---- Records for the exercise

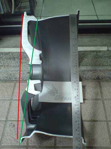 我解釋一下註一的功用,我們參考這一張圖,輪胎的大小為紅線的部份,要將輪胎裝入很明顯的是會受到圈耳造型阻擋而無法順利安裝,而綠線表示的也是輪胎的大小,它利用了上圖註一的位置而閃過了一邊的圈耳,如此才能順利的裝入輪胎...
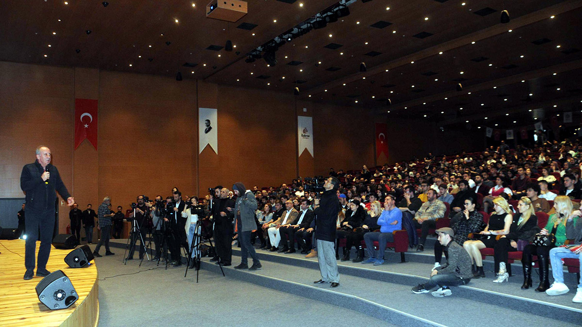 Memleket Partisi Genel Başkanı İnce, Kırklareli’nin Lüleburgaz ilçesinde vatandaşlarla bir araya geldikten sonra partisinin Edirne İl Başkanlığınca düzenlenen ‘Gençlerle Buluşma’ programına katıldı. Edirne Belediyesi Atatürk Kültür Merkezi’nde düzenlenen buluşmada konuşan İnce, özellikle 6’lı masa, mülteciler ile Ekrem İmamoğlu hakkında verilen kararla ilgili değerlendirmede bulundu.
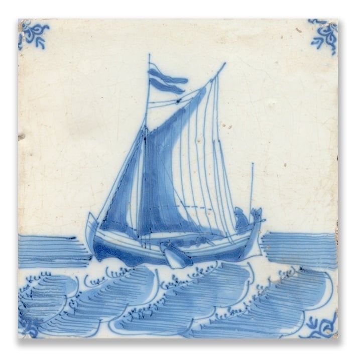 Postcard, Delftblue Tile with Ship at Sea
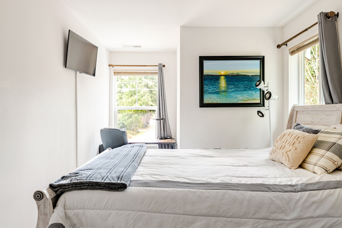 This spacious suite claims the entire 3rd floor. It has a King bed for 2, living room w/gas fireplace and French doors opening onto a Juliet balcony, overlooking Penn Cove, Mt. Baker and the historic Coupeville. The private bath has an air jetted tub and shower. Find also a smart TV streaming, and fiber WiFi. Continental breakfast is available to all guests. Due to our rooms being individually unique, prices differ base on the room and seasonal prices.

--------
---- Records for the exercise

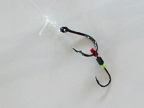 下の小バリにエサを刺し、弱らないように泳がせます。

--------

__To do__:
Copy nothing but the lines above that run from the one with "我解釋一下註一的功用,我們參" to the one with "This spacious suite", ends included; pictures stay out.

__Solution to the exercise__:
 我解釋一下註一的功用,我們參考這一張圖,輪胎的大小為紅線的部份,要將輪胎裝入很明顯的是會受到圈耳造型阻擋而無法順利安裝,而綠線表示的也是輪胎的大小,它利用了上圖註一的位置而閃過了一邊的圈耳,如此才能順利的裝入輪胎...
 Memleket Partisi Genel Başkanı İnce, Kırklareli’nin Lüleburgaz ilçesinde vatandaşlarla bir araya geldikten sonra partisinin Edirne İl Başkanlığınca düzenlenen ‘Gençlerle Buluşma’ programına katıldı. Edirne Belediyesi Atatürk Kültür Merkezi’nde düzenlenen buluşmada konuşan İnce, özellikle 6’lı masa, mülteciler ile Ekrem İmamoğlu hakkında verilen kararla ilgili değerlendirmede bulundu.
 Postcard, Delftblue Tile with Ship at Sea
 This spacious suite claims the entire 3rd floor. It has a King bed for 2, living room w/gas fireplace and French doors opening onto a Juliet balcony, overlooking Penn Cove, Mt. Baker and the historic Coupeville. The private bath has an air jetted tub and shower. Find also a smart TV streaming, and fiber WiFi. Continental breakfast is available to all guests. Due to our rooms being individually unique, prices differ base on the room and seasonal prices.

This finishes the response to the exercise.